Reputation: 36640
I have a temp table created from a copy
from a CSV file and the result includes some duplicate ids. I need to delete any duplication. I have tried the following:
delete from my_table where id in
(select id from (select count(*) as count, id
from my_table group by id) as counts where count>1);
However this deletes both the duplicate records and I must keep one.
How can I delete only the 2nd record with a duplicated Id?
Thanks.
Upvotes: 2
Views: 4347
Reputation: 9211
Your query deletes all IDs that have a count greater than 1, so it removes everything that is duplicated.
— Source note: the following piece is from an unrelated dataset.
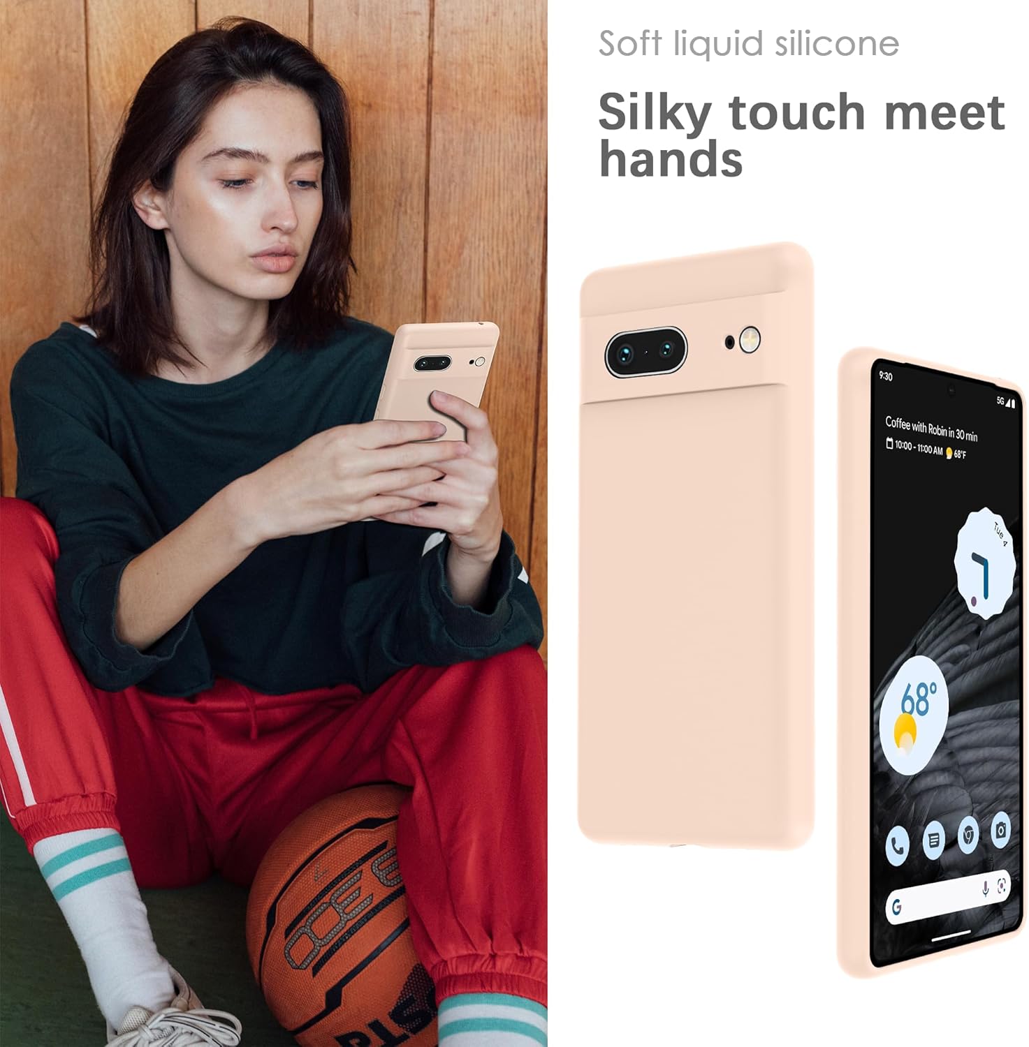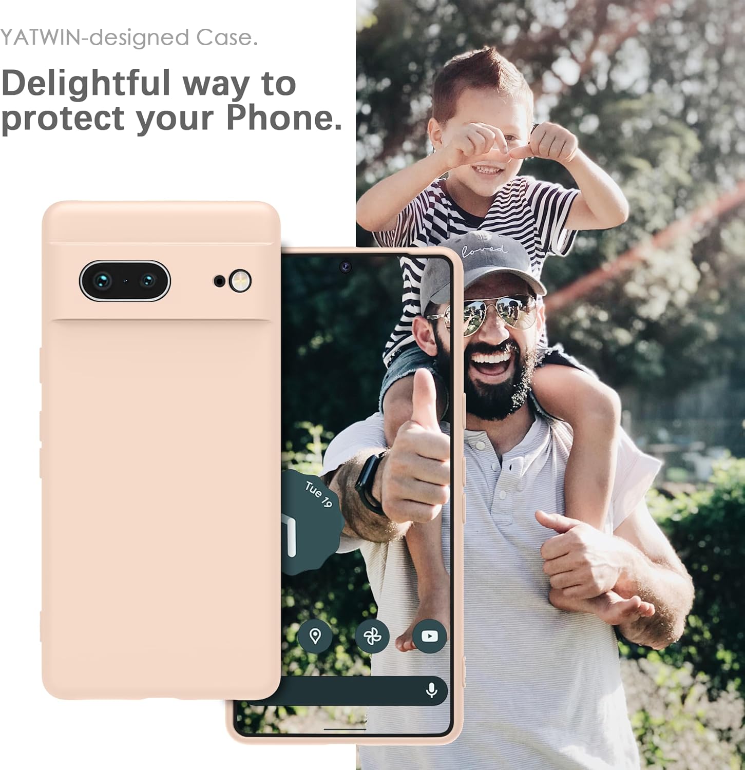 YATWIN калъф за Google Pixel 7, първокласен силиконов калъф за мобилен телефон със защита на камерата, копринен, мек на допир, ултра тънък, удароустойчив, устойчив на надраскване, защитен калъф, светло розов

What you need to do is isolate one record from the list of duplicates and preserve that:
delete
from my_table
where id in (select id
from my_table
where some_field in (select some_field
from my_table
group by some_field
having count(id) > 1))
and id not in (select min(id)
from my_table
where some_field in (select some_field
from my_table
group by some_field
having count(id) > 1)
group by some_field);
EDIT Fixed :P
Upvotes: 2
Reputation: 26921
Assuming you don't have foreign key relations...
CREATE TABLE "temp"(*column definitions*);
insert into "temp" (*column definitions*)
select *column definitions*
from (
select *,row_number() over(PARTITION BY id) as rn from "yourtable"
) tm
where rn=1;
drop table "yourtable";
alter table "temp" rename to "yourtable";
Upvotes: 1